▸ **Work task**: Keep every word the same. Repeat the records without their images.

▸ **Dataset content**:
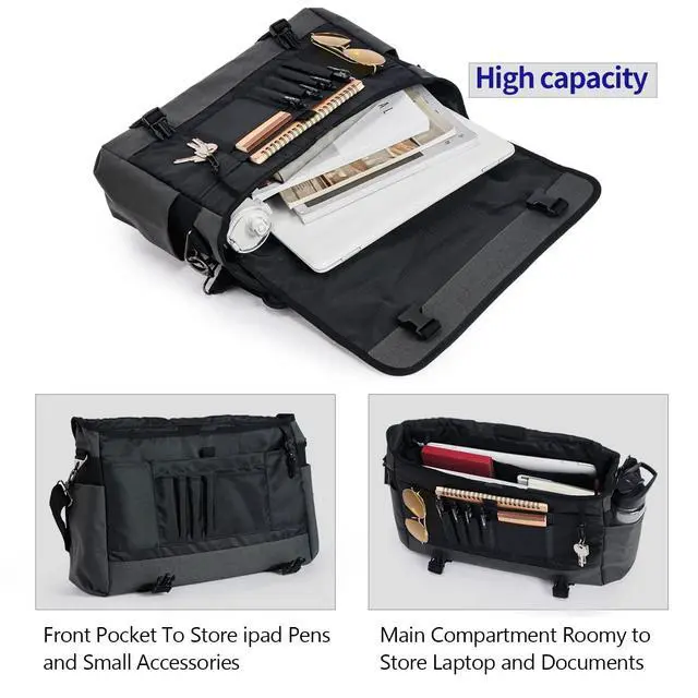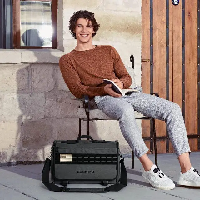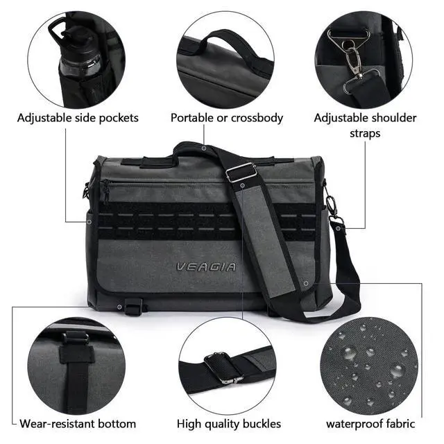 DescriptionVEAGIA BrandSize: 17X12X5 inch17 inch military laptop bag messenger bagFeatures: 1) VEAGIA messenger bag is imported from the latest high density 1050D Waterproof nylon, more wear-resistant, waterproof inner layer is protected with 400D Unigel effect. Firmness, abrasion resistance, zipper and Velcro design add long-lasting performance. 2) The main compartment has a bumper foam pad that can hold up to a 17-inch laptop or iPad to prevent accidental bumps. Load multiple bags in the front, but hide/protect them under the inconspicuous flap. 3) messenger bag men, two side pockets are designed to store water bottles and umbrellas. 4) men messenger bag, can
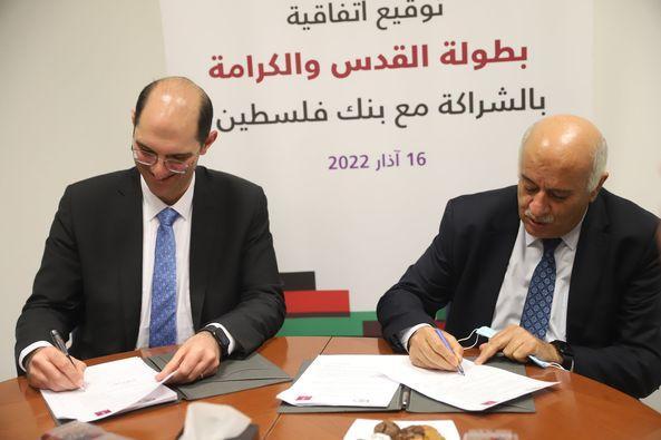 القدس- دائرة الإعلام بالاتحاد- وقّع رئيس الاتحاد الفلسطيني لكرة القدم، الفريق جبريل الرجوب، ومدير عام بنك فلسطين، محمود الشوا، اليوم الأربعاء، اتفاقية رعاية لبطولة القدس والكرامة، المقرر انطلاقها يوم السبت 19/03/2022.
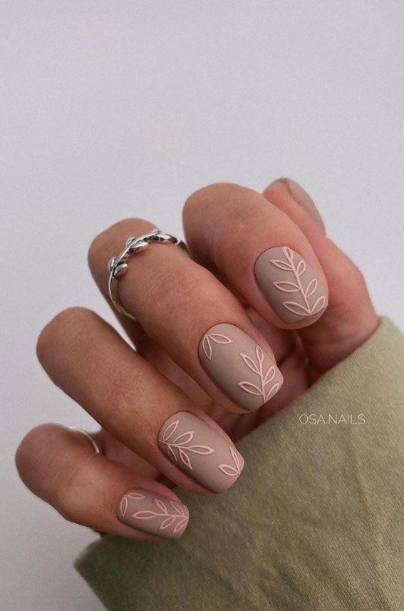 The taupe hue earthy matte pattern is the focus of pale white leaf designs on each nail, which makes it a simple and natural aesthetic. Short nails make this design not only practical but also stylish, which is a perfect choice for those who want a neutral and humble spring look.
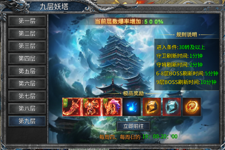 九层妖塔可以获得大量装备、材料,层数越高爆率越高
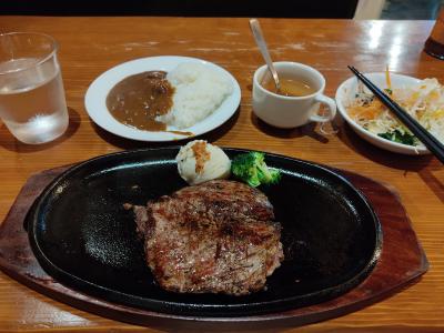 沖縄のステーキ屋のコスパは異常です。こちらステーキが1650円〜ラインナップがあり、これに400円上乗せするとサラダバー、ライス、カレー、ドリンクなどが付きますがどれもおいちい。シークヮーサージュースが美味しくてつい5杯ぐらい飲んでしまった。全くおそろしい。
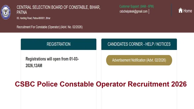 Bihar Police Bharti 2026: CSBC पुलिस कॉन्स्टेबल ऑपरेटर भर्ती के लिए नोटिफिकेशन जारी, आवेदन 1 मार्च से होंगे स्टार्ट
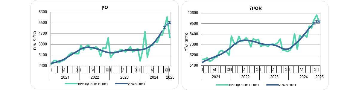 על פי נתוני המגמה, בשלושת החודשים האחרונים עלה יבוא הסחורות מארצות אסיה ב-18.5% בחישוב שנתי, בהמשך לעלייה של 51.5% בחישוב שנתי בחודשים אוגוסט עד אוקטובר 2024 (עלייה של 3.5% בממוצע לחודש). יבוא הסחורות מסין עלה ב-58.7% בחישוב שנתי (עלייה של 3.8% בממוצע לחודש), בהמשך לעלייה של 105.3% בחודשים אוגוסט עד אוקטובר 2024 (עלייה של 6.2% בממוצע לחודש).
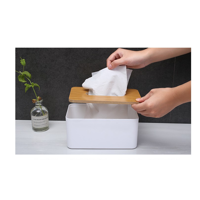 Nhà cửa & Đời sống > Sắp xếp nhà cửa > Hộp khăn giấy || Hộp đựng giấy ăn trắng nắp gỗ cao cấp đa năngCòn hàng
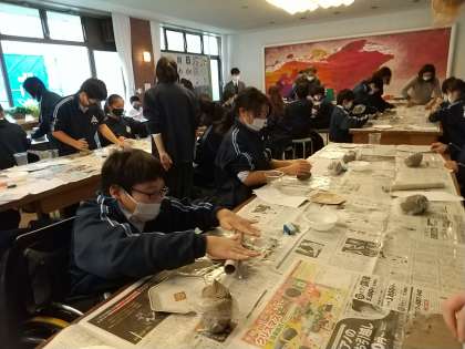 11月11日(木) D組は、三助焼の体験です!谷口さんから三助焼の歴史を聞きながら制作しています。
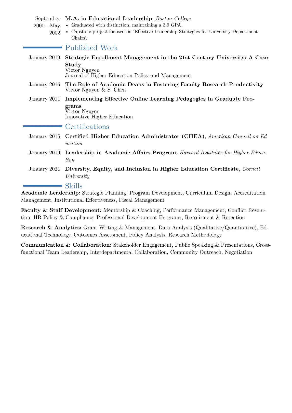 This example resume effectively highlights the extensive experience required for an Academic Dean. It meticulously quantifies achievements, such as "orchestrated a 15% increase in STEM program enrollment" and "secured over $2M in research grants." Strategic skills are clearly grouped under headings like "Academic Administration" and "Institutional Advancement," reflecting the multifaceted nature of the role. The inclusion of specific tools, for example, proficiency in learning management systems like Canvas and experience with institutional analytics platforms, provides concrete evidence of operational capability beyond just leadership.
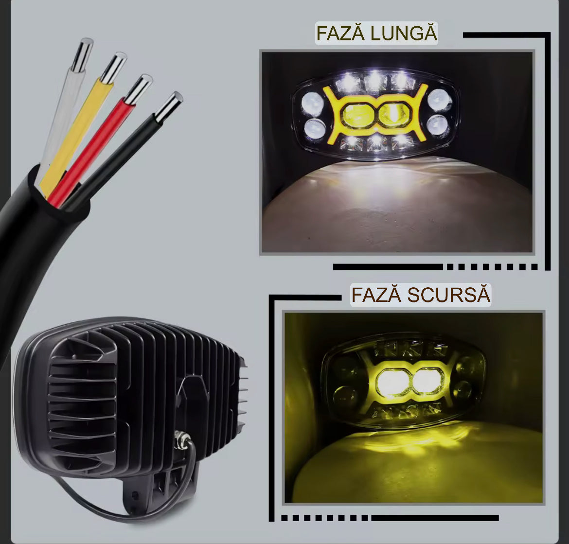 Proiector LED 10″ – Fază scurtă galbenă 36 W, fază lungă albă 72 W, poziție galbenă 5 W, 12-36 V, IP67
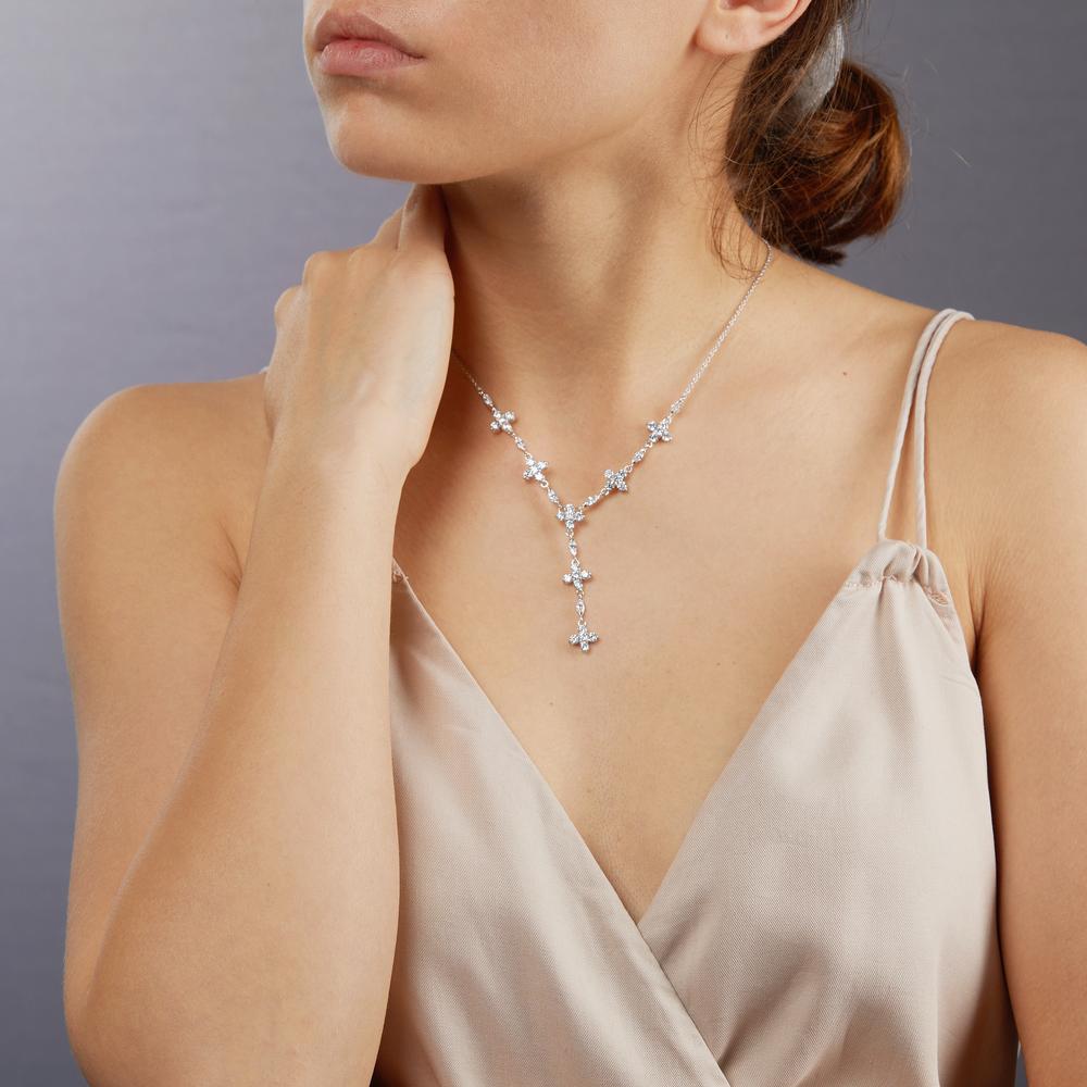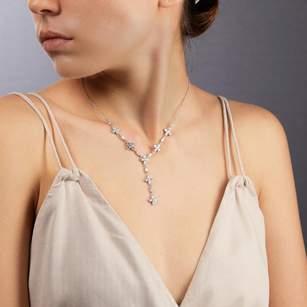 Elegantes Damen-Collier aus hochwertigem Silber, verziert mit funkelnden Zirkonia-Steinen. Die filigrane Verarbeitung und das strahlende Design machen dieses Schmuckstück zum perfekten Accessoire für besondere Anlässe oder den Alltag. Ein zeitloser Hingucker!

▸ **Answer section**:
 DescriptionVEAGIA BrandSize: 17X12X5 inch17 inch military laptop bag messenger bagFeatures: 1) VEAGIA messenger bag is imported from the latest high density 1050D Waterproof nylon, more wear-resistant, waterproof inner layer is protected with 400D Unigel effect. Firmness, abrasion resistance, zipper and Velcro design add long-lasting performance. 2) The main compartment has a bumper foam pad that can hold up to a 17-inch laptop or iPad to prevent accidental bumps. Load multiple bags in the front, but hide/protect them under the inconspicuous flap. 3) messenger bag men, two side pockets are designed to store water bottles and umbrellas. 4) men messenger bag, can
 القدس- دائرة الإعلام بالاتحاد- وقّع رئيس الاتحاد الفلسطيني لكرة القدم، الفريق جبريل الرجوب، ومدير عام بنك فلسطين، محمود الشوا، اليوم الأربعاء، اتفاقية رعاية لبطولة القدس والكرامة، المقرر انطلاقها يوم السبت 19/03/2022.
 The taupe hue earthy matte pattern is the focus of pale white leaf designs on each nail, which makes it a simple and natural aesthetic. Short nails make this design not only practical but also stylish, which is a perfect choice for those who want a neutral and humble spring look.
 九层妖塔可以获得大量装备、材料,层数越高爆率越高
 沖縄のステーキ屋のコスパは異常です。こちらステーキが1650円〜ラインナップがあり、これに400円上乗せするとサラダバー、ライス、カレー、ドリンクなどが付きますがどれもおいちい。シークヮーサージュースが美味しくてつい5杯ぐらい飲んでしまった。全くおそろしい。
 Bihar Police Bharti 2026: CSBC पुलिस कॉन्स्टेबल ऑपरेटर भर्ती के लिए नोटिफिकेशन जारी, आवेदन 1 मार्च से होंगे स्टार्ट
 על פי נתוני המגמה, בשלושת החודשים האחרונים עלה יבוא הסחורות מארצות אסיה ב-18.5% בחישוב שנתי, בהמשך לעלייה של 51.5% בחישוב שנתי בחודשים אוגוסט עד אוקטובר 2024 (עלייה של 3.5% בממוצע לחודש). יבוא הסחורות מסין עלה ב-58.7% בחישוב שנתי (עלייה של 3.8% בממוצע לחודש), בהמשך לעלייה של 105.3% בחודשים אוגוסט עד אוקטובר 2024 (עלייה של 6.2% בממוצע לחודש).
 Nhà cửa & Đời sống > Sắp xếp nhà cửa > Hộp khăn giấy || Hộp đựng giấy ăn trắng nắp gỗ cao cấp đa năngCòn hàng
 11月11日(木) D組は、三助焼の体験です!谷口さんから三助焼の歴史を聞きながら制作しています。
 This example resume effectively highlights the extensive experience required for an Academic Dean. It meticulously quantifies achievements, such as "orchestrated a 15% increase in STEM program enrollment" and "secured over $2M in research grants." Strategic skills are clearly grouped under headings like "Academic Administration" and "Institutional Advancement," reflecting the multifaceted nature of the role. The inclusion of specific tools, for example, proficiency in learning management systems like Canvas and experience with institutional analytics platforms, provides concrete evidence of operational capability beyond just leadership.
 Proiector LED 10″ – Fază scurtă galbenă 36 W, fază lungă albă 72 W, poziție galbenă 5 W, 12-36 V, IP67
 Elegantes Damen-Collier aus hochwertigem Silber, verziert mit funkelnden Zirkonia-Steinen. Die filigrane Verarbeitung und das strahlende Design machen dieses Schmuckstück zum perfekten Accessoire für besondere Anlässe oder den Alltag. Ein zeitloser Hingucker!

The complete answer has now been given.